Rationale:
To describe NEXMIF as a novel genetic etiology of continuous spike-wave during slow-wave sleep (CSWS) and the clinical implications of this association
Methods:
Case presentation:
At age 10, an otherwise healthy girl started exhibiting worsening academic performance and inattention at school. By age 11, she developed seizures with a mixed semiology characterized by atypical absence and generalized tonic-clonic components. Contrasted MRI of the brain was normal. Initial routine EEG showed right-sided frontal-central spikes; brivaracetam and oxcarbazepine were then started. Seizures became less frequent, but seizure freedom was never achieved, despite addition of zonisamide and maximum doses of all 3 medications by age 13.

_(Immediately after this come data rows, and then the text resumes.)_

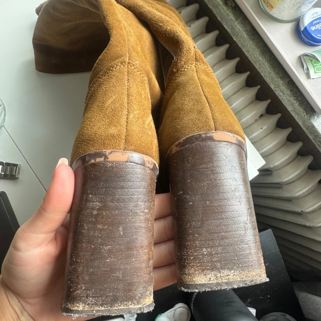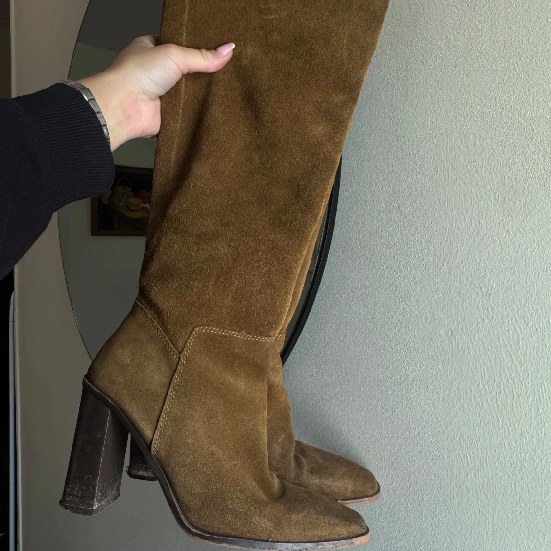 Läder stövlar från Mango. Riktigt fina och använt sparsamt men har missfärgningar på tåspetsen pga regn, detta går att punktbehandla men inget jag tagit tag i✨ Nypris 1199kr, slutsålda överallt! 700kr eller prisförslag❤️ Storlek 37 och 8cm klack. Går precis under knäna på mig💕💕
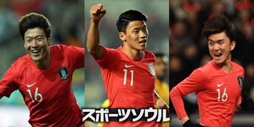 FW:ソン・フンミン(28、トッテナム)、ファン・ヒチャン(24、ライプツィヒ)、イ・ガンイン(19、バレンシア)、イ・ドンジュン(23、釜山アイパーク)、ナ・サンホ(24、城南FC)、オム・ウォンサン(21、光州FC)、ファン・ウィジョ(28、ボルドー)
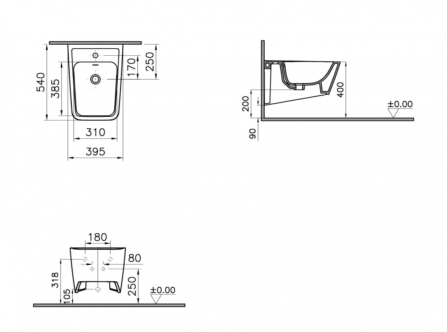 Биде Equal 39,5х54 см, подвесное, без крышки, Vitra
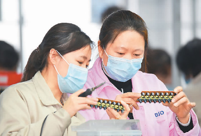 近期,湖南省郴州市嘉禾縣經(jīng)開(kāi)區(qū)園區(qū)72家制造、裝備企業(yè)全部復(fù)工復(fù)產(chǎn),產(chǎn)能迅速回升,經(jīng)濟(jì)指標(biāo)基本恢復(fù)往年同期水平。圖為該經(jīng)開(kāi)區(qū)的百俊達(dá)電子科技有限公司女工們?cè)诩庸どa(chǎn)電子配件。
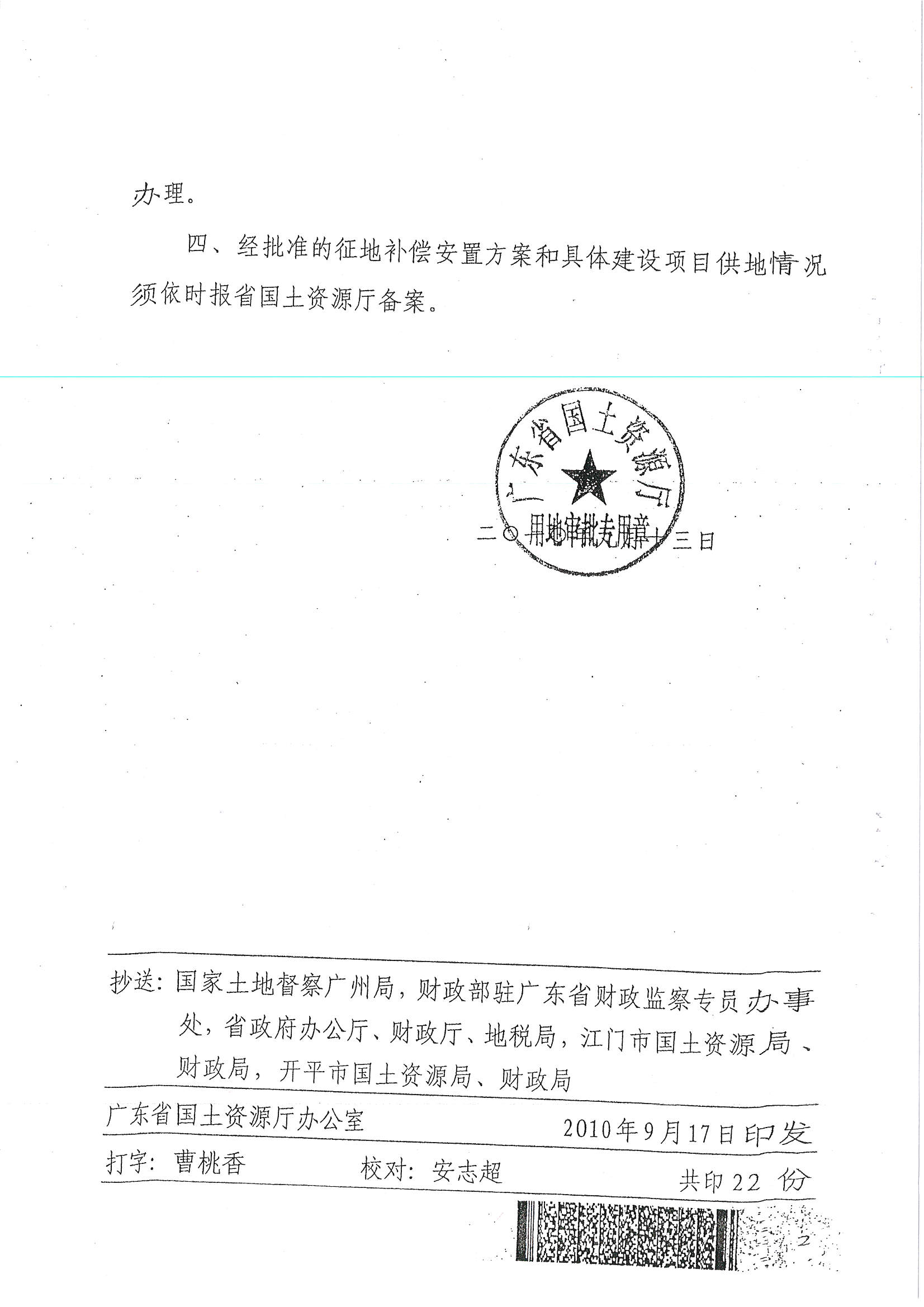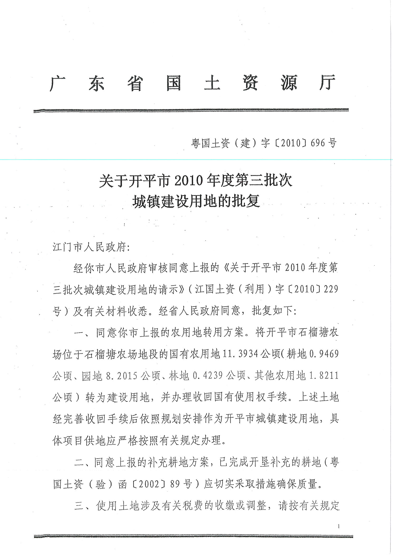 開平市2010年度第三批次城鎮建設用地的批復

At age 13, the patient was admitted for status epilepticus and underwent long-term EEG monitoring. During both asleep and awake states, there were abundant, nearly continuous medium-high amplitude generalized spike and wave discharges occurring at 1-2 Hz; spike-wave index averaged 85% during non-REM sleep (Fig 1). Brivaracetam was stopped, and valproate and clobazam were added, significantly decreasing her spike-wave index (Fig 2). INVITAE genetic epilepsy panel revealed a deletion within NEXMIF that resulted in a frameshift mutation (c.2638del p.M880Wfs*29); this variant does not appear in CLINVAR.
Results:
We present the first case implicating NEXMIF, known as ‘neurite extension and migration factor’, as a genetic etiology of CSWS. While NEXMIF mutations are known to cause intellectual disability and epilepsy, associated EEG patterns have been reported as spikes, poly-spikes, and waves – but not CSWS. When undergoing genetic epilepsy workup, an identified NEXMIF mutation should prompt careful evaluation for CSWS, the presence of which strongly influences prognosis and antiseizure regimen. Specifically, patients with CSWS are at higher risk of medically refractory seizures and tend to benefit from early initiation of benzodiazepines – as was the case with our patient.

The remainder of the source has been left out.